◆ Task directions
A verbatim copy of all the data is required; the pictures should not appear in it.

··· Dataset excerpt ···

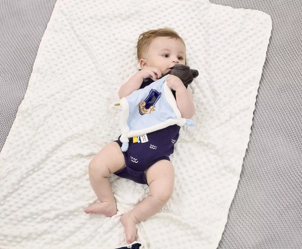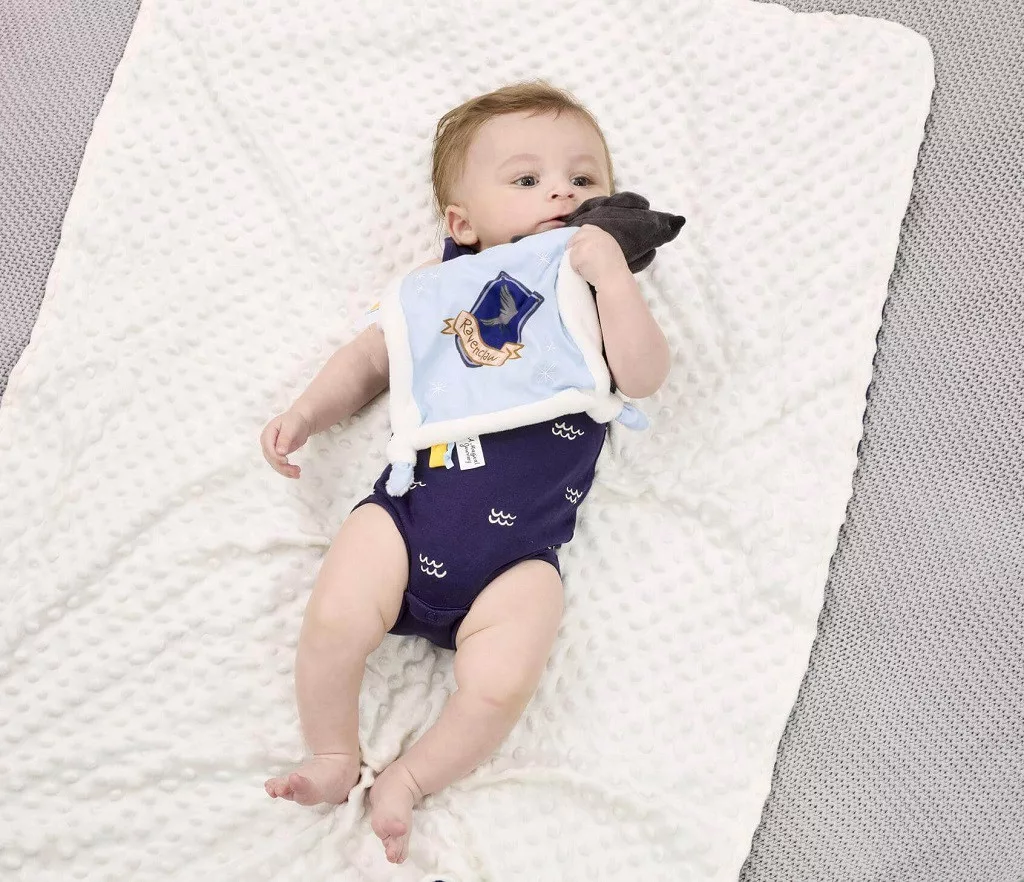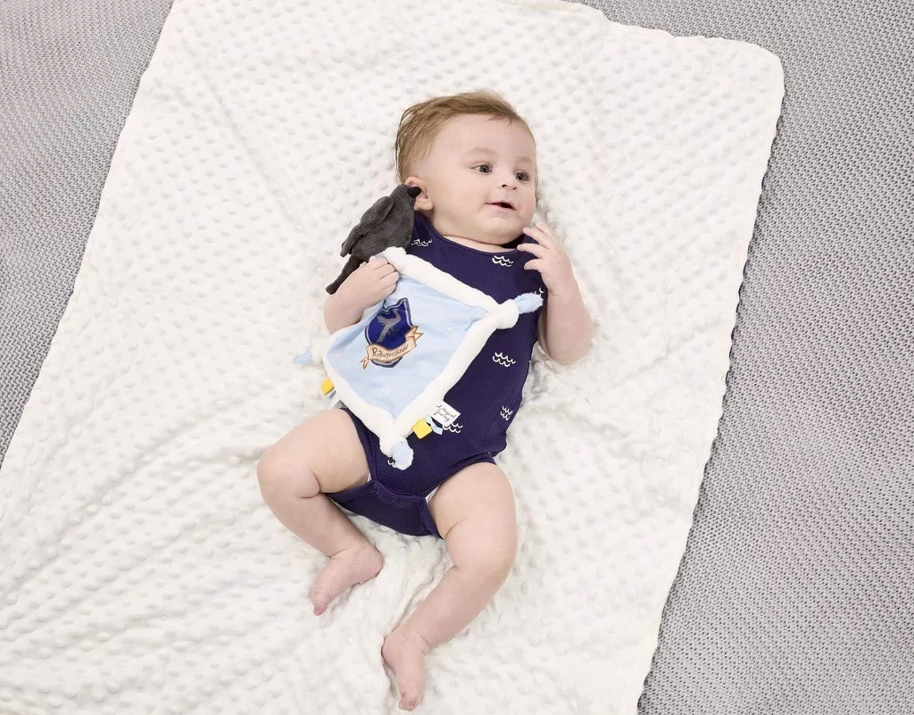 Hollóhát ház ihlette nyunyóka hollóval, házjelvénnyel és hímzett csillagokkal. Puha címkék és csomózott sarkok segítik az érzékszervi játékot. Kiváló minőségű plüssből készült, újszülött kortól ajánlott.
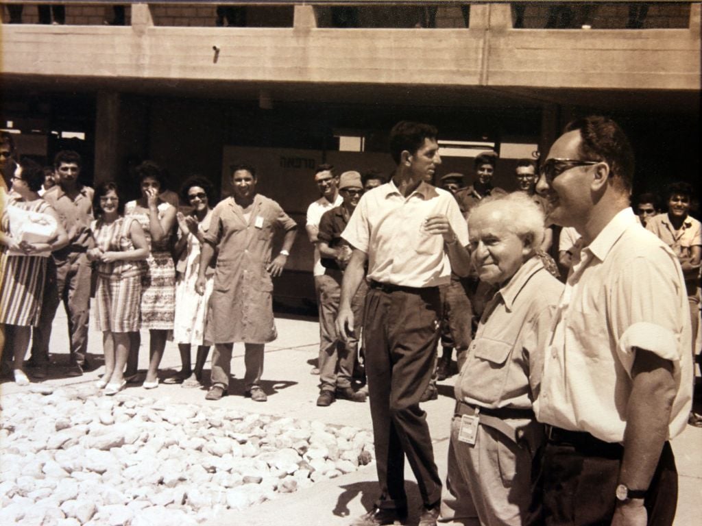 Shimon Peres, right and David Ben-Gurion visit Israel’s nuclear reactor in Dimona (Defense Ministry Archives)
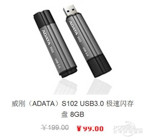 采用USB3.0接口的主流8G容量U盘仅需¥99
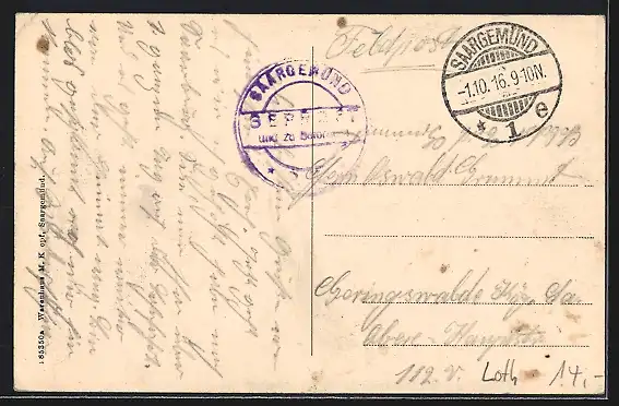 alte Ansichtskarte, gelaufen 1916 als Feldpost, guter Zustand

···

◆ Written answer
 Hollóhát ház ihlette nyunyóka hollóval, házjelvénnyel és hímzett csillagokkal. Puha címkék és csomózott sarkok segítik az érzékszervi játékot. Kiváló minőségű plüssből készült, újszülött kortól ajánlott.
 Shimon Peres, right and David Ben-Gurion visit Israel’s nuclear reactor in Dimona (Defense Ministry Archives)
 采用USB3.0接口的主流8G容量U盘仅需¥99
 alte Ansichtskarte, gelaufen 1916 als Feldpost, guter Zustand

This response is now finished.